Modelling Slippage for Limit Orders Trading: Adaptive KDE-based Loss Severity Distribution (1)

Placing limit orders for trade execution is both quite popular and handy method in (algo)trading. A trader expects that the executed price of his buy/sell trade will ideally match the one requested in his limit order. Unfortunately, depending on a momentary market/asset liquidity, the difference between both prices can vary or vary significantly. This difference, by many known as an executed slippage, is an undesirable loss due to external factors. It is often a source of frustration because it comes into the game as a hard-to-model free parameter.

There is no closed-form solution for slippage which would work regardless of the market or traded instrument. The estimation of the slippage is often assumed as a constant based on the trader’s judgment and is a subject to modifications in time. The situation gets worse if one trades less liquid assets. Many cryptocurrencies outside the main stream of interest can be a good example here.

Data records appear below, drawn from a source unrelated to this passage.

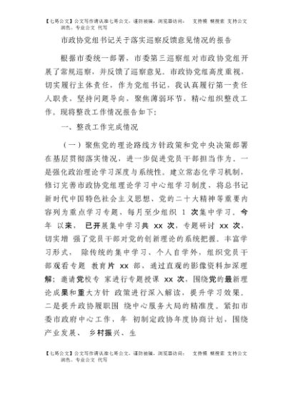 / 【七哥公文】2025年:市政协党组书记关于落实巡察反馈意见情况的报告+更多免费公文+VX:QiGeGongWen2024
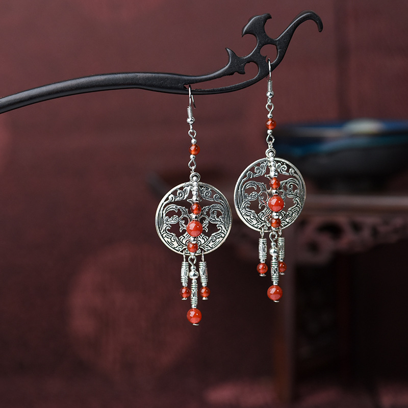 Yunnan ethnic style earrings exaggerated vintage tassel earrings ancient style earrings jewelry stall supply wholesale earrings
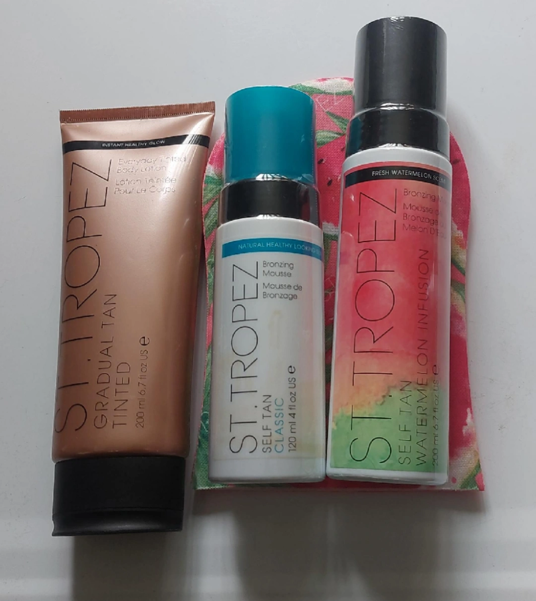 Selling a set of St. Tropez tanning products! Includes: - St. Tropez Gradual Tan Tinted Body Lotion (200ml) - St. Tropez Self Tan Classic Bronzing Mousse (120ml) - St. Tropez Self Tan Watermelon Infusion (200ml) Get your glow on!
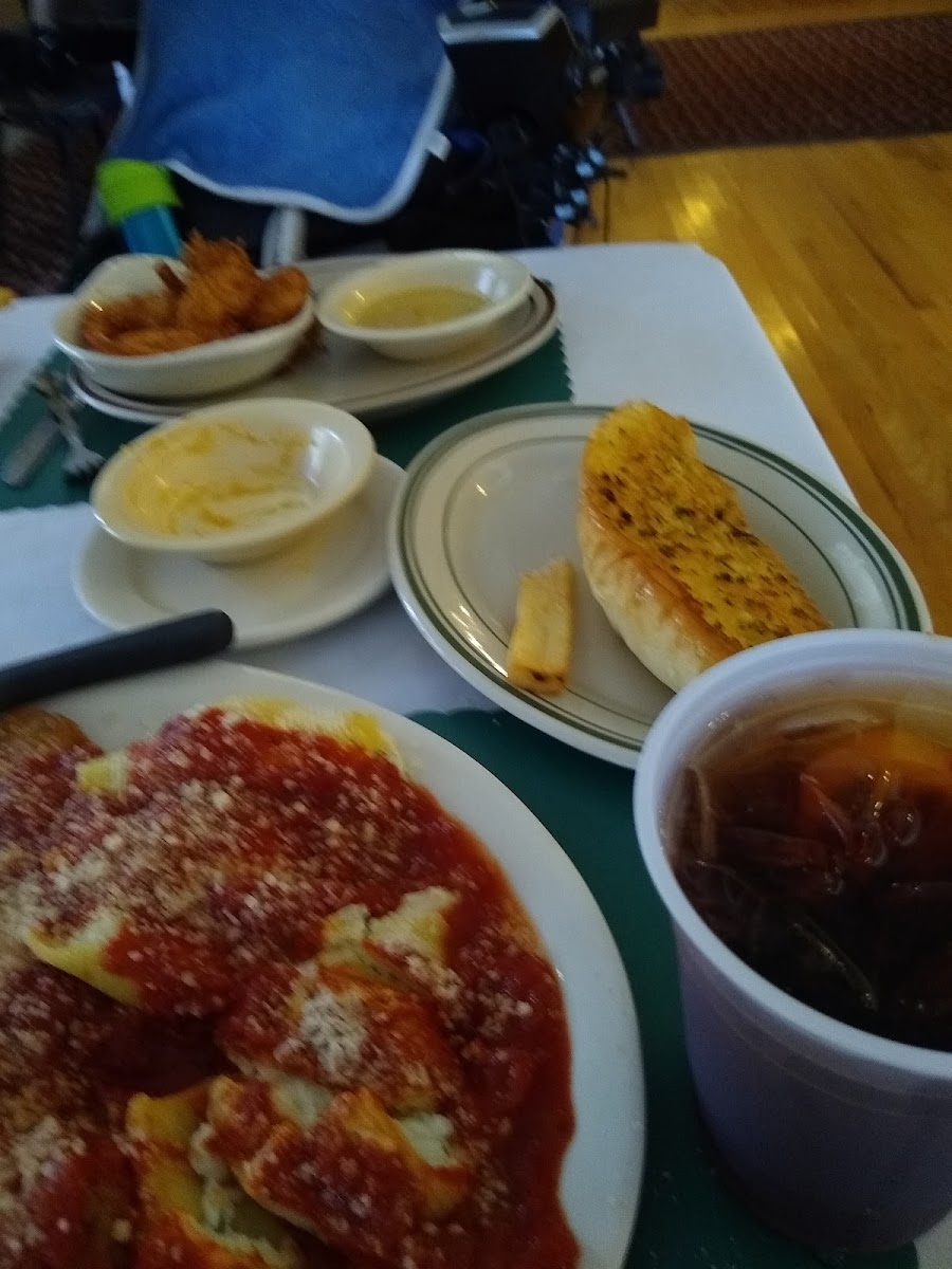 The wing dings were crispy and delicious. I had the peppercorn Parmesan steak. It was cooked to perfection. Butternut squash was steaming hot and yummy. Mom got the biggest plate of spaghetti and meatballs I have ever seen. She loved it but had to take half of it home. Friendly waitress and fast service.
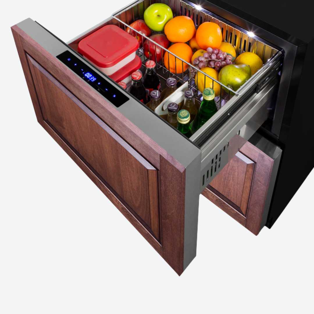 Drawers accept overlay panels (size: 23.43" x 14.1" at 3/4" thick) to let you seamlessly blend the refrigerator into cabinetry design
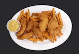 Zucchini sticks dipped in an egg mixture with bread crumbs, parmesan cheese, baking powder, & salt, fried until golden brown.

We propose a new model for slippage estimation for limit orders applying the concept of the loss severity distribution (LSD). We design the LSD model to be based on Kernel Density Estimation method (KDE) making use of the empirically gathered slippage data from the actual limit-order-based trading. In our model the LSD will represent the probability density function (PDF) of the material losses that a trader may suffer during the execution of the next limit order trade. We propose the 95% Expected Shortfall of LSD as an add-on trade risk charge while a time-dependent modelling of LSD (based on an increasing number of executed trades) provides a trader with a better, quantitative, Bayesian-like risk estimate.

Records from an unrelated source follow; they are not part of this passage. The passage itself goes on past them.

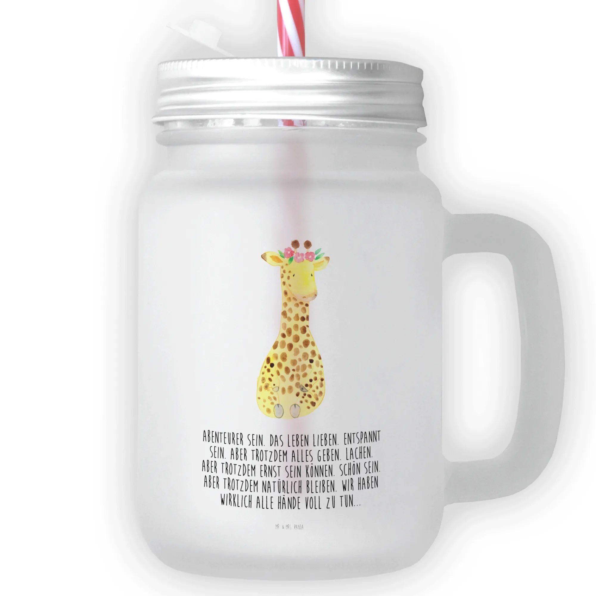 Mason Jar Trinkglas „Giraffe Blumenkranz“ – Dein neuer Lieblingsbegleiter aus der Afrika-Kollektion von Mr. & Mrs. Panda.
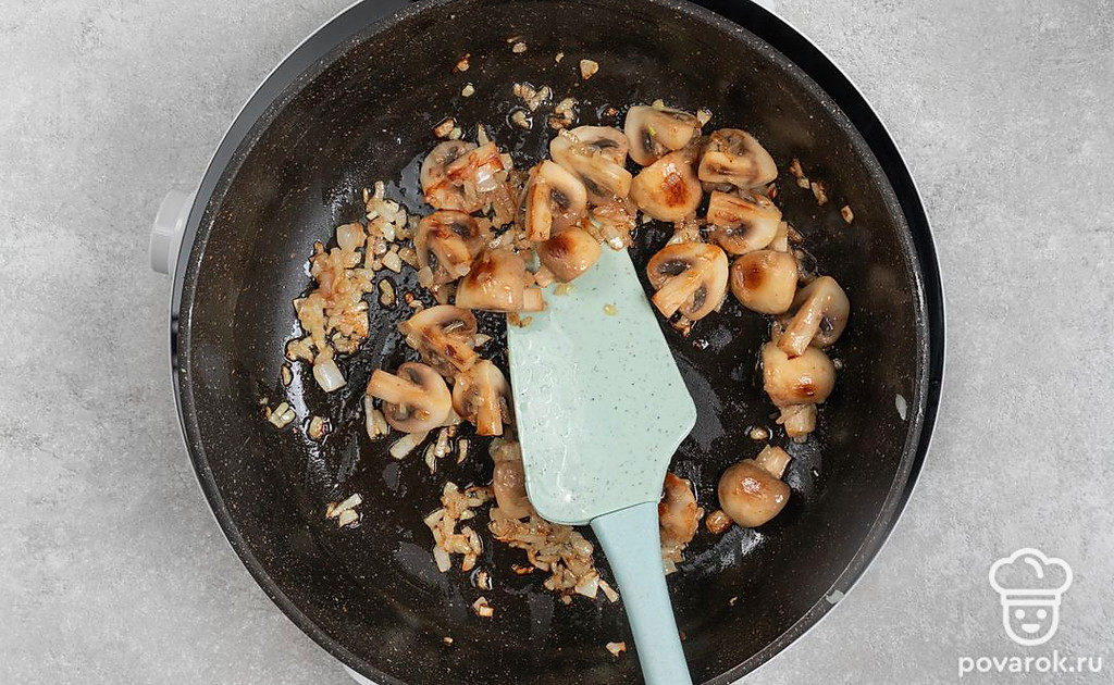 Добавьте к луку нарезанные дольками грибы. Тушите их, периодически помешивая, 10 минут. После этого выключите огонь.
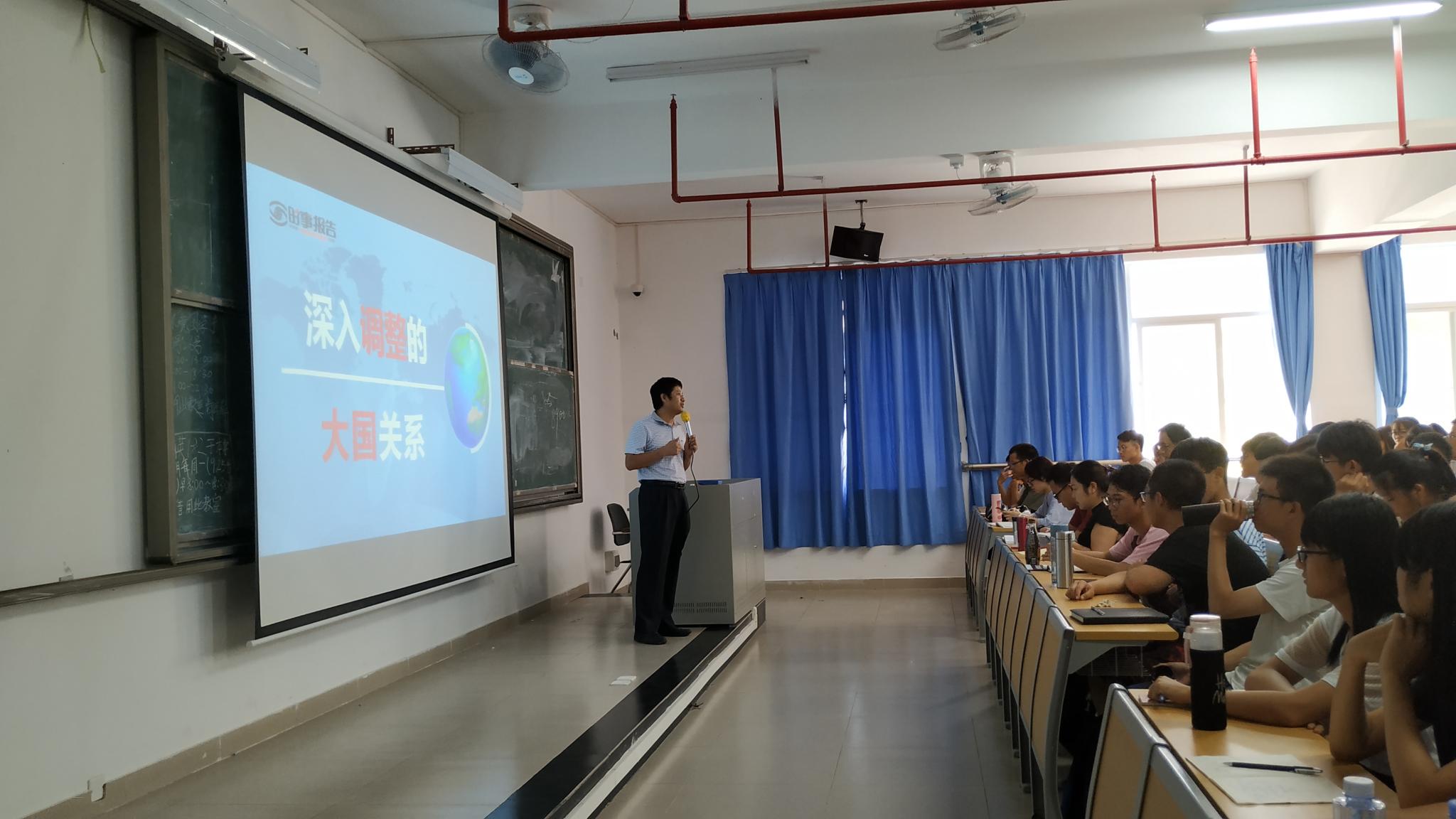 院长张超龙讲课的主题为“深入调整的大国关系”,深入分析当今形势下的中美、中俄、中日等关系,使同学们对当前中国的定位有了更明晰的认识。张院长提醒广大新生要关注时事,关心国家大事,并指出世界秩序依然改变,世界框架即将重新构建,新生作为未来中国的栋梁,需要做好为中国两个百年目标奋斗的准备,并且拥有胜利的决心。张院长对新生寄予了厚望,他强调大学生都应该具备历史观、大局观和角色观,三者缺一不可,在场的每一位新生都牢记在心,切不可忘却。

In this Part 1 we begin with a refresher on the empirical estimation of PDF employing ECDFs and histograms. Next, we focus on the use of KDE method as an alternative, discussing its theoretical properties backed by Python examples. In Part 2 we will show how KDE estimation can be viewed as an adaptive method in the estimation of p.d.f. depending on data sample size. We will adopt KDE method for the estimation of LSD using trader’s log of executed limit-order trades for XLM (Stellar cryptocurrency), showing the slippage-free and -affected equity curves. A time-dependent behaviour of 95% quantile of LSD will be postulated as an effective risk charge for individual trades.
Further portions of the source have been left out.